With respect to forum non conveniens, the panel concludes:
 As this court stated in Incorporated Broadcasters Limited v. Canwest Global Communications Corp. (2003), 63 O.R. (3d) 431 at para. 58:
The starting place for considering convenient forum is “whether there clearly is a more appropriate jurisdiction than the domestic forum chosen by the plaintiff in which the case should be tried” (Frymer at p. 79 O.R.). Also see Spar Aerospace Ltd. v. American Mobile Satellite Corp., 2002 SCC 78, 220 D.L.R. at para. 69 and 70 and Amchem Products Inc. v. British Columbia (Workers’ Compensation Board),  1 S.C.R. 897, 102 D.L.R. (4th) 96 at p. 921 S.C.R.
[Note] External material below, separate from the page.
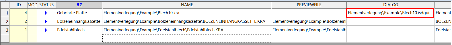 Um den Dialog verwenden zu können, muss er noch im Katalogeditor dem entsprechenden Verlegeelement zugeordnet werden, indem der Name des Dialoges (mit relativem Pfad) in die Spalte DIALOG eingetragen wirdz. B.
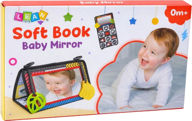 Kontrastna senzorična podloga z ogledalcem podpira razvoj dojenčka že od prvih mesecev. Visok kontrast črne, bele in rdeče spodbuja vid, varno ogledalce motivira k opazovanju lastnega odseva, mehke teksture in šumeči elementi pa razvijajo tip in koordinacijo roka–oko. Idealno za tummy time, prve poskuse dvigovanja glavice ter mirne in zabavne trenutke doma ali na poti.

 While we recognize that forum non conveniens is a discretionary decision attracting appellate deference, we respectfully conclude that the motion judge erred by failing to assess whether Marsland satisfied the onus of identifying another jurisdiction clearly more appropriate than Ontario in which to try this action. The motion judge mentioned Serbia and Bulgaria as possible alternate jurisdictions but did not identify either as being clearly more appropriate than Ontario. Her finding, at para. 42, that there are “no geographic factors, apart from the location of Dundee’s head office, pointing to Ontario as the most convenient forum” and that “[m]ost geographic factors point to a forum other than Ontario” is difficult to understand given the fact that the case involves duties owed under Ontario law to a Canadian company.
 In our view, Marsland failed to demonstrate that there was another jurisdiction clearly more appropriate than Ontario to try this action and it follows that this was not a case for a stay on grounds of forum non conveniens.